++++ Exercise data
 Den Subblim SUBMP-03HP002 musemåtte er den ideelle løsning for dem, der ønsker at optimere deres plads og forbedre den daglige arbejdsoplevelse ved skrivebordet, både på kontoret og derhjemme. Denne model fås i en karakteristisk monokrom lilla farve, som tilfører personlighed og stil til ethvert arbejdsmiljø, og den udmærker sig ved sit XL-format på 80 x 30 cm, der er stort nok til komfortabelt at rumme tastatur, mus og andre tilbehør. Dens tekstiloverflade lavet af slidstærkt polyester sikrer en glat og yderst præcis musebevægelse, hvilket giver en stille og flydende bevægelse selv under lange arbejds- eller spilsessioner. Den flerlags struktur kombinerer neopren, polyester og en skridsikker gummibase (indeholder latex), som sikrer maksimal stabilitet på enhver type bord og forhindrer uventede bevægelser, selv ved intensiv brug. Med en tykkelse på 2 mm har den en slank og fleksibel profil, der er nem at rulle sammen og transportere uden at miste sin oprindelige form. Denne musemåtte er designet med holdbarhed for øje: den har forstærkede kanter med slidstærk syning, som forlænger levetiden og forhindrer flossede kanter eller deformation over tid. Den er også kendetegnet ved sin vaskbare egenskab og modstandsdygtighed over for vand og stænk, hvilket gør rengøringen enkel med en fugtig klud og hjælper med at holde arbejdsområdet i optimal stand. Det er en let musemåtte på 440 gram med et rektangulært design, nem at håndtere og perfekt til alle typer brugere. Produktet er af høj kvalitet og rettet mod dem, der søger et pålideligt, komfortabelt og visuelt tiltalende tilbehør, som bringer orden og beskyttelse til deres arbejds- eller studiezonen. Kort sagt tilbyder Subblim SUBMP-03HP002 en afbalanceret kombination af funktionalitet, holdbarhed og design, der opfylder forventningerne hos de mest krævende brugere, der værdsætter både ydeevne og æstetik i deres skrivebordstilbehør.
++++++++
++++ Exercise data
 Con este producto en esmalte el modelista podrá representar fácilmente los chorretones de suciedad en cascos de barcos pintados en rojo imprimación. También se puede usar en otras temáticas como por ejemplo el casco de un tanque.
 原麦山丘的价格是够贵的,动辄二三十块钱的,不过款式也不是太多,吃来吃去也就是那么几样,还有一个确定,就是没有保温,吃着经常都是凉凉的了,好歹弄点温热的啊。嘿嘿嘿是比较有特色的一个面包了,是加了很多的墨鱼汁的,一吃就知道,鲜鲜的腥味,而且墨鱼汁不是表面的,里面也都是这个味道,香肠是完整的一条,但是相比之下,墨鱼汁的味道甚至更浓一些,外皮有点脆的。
++++++++
++++ Exercise data
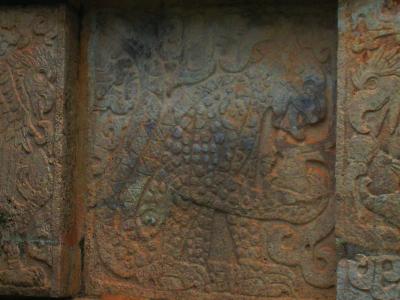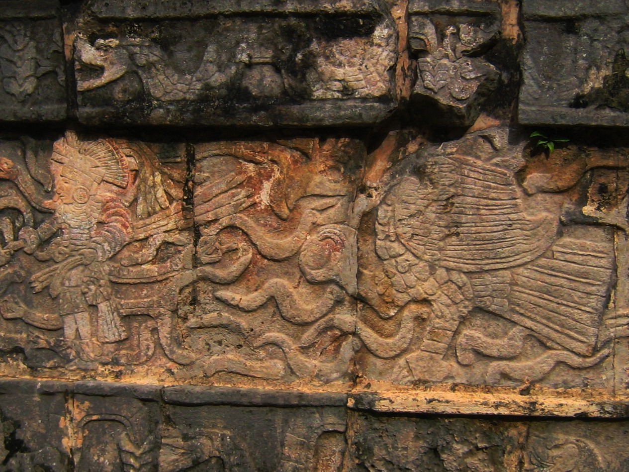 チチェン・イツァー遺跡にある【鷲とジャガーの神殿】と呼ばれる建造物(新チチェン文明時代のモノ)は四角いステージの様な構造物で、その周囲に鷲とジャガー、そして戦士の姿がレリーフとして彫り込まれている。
++++++++
The answer is the run of lines above from the line containing "Con este producto" through the line containing "原麦山丘的价格是够贵的,动辄", copied exactly and alone.

 Con este producto en esmalte el modelista podrá representar fácilmente los chorretones de suciedad en cascos de barcos pintados en rojo imprimación. También se puede usar en otras temáticas como por ejemplo el casco de un tanque.
 原麦山丘的价格是够贵的,动辄二三十块钱的,不过款式也不是太多,吃来吃去也就是那么几样,还有一个确定,就是没有保温,吃着经常都是凉凉的了,好歹弄点温热的啊。嘿嘿嘿是比较有特色的一个面包了,是加了很多的墨鱼汁的,一吃就知道,鲜鲜的腥味,而且墨鱼汁不是表面的,里面也都是这个味道,香肠是完整的一条,但是相比之下,墨鱼汁的味道甚至更浓一些,外皮有点脆的。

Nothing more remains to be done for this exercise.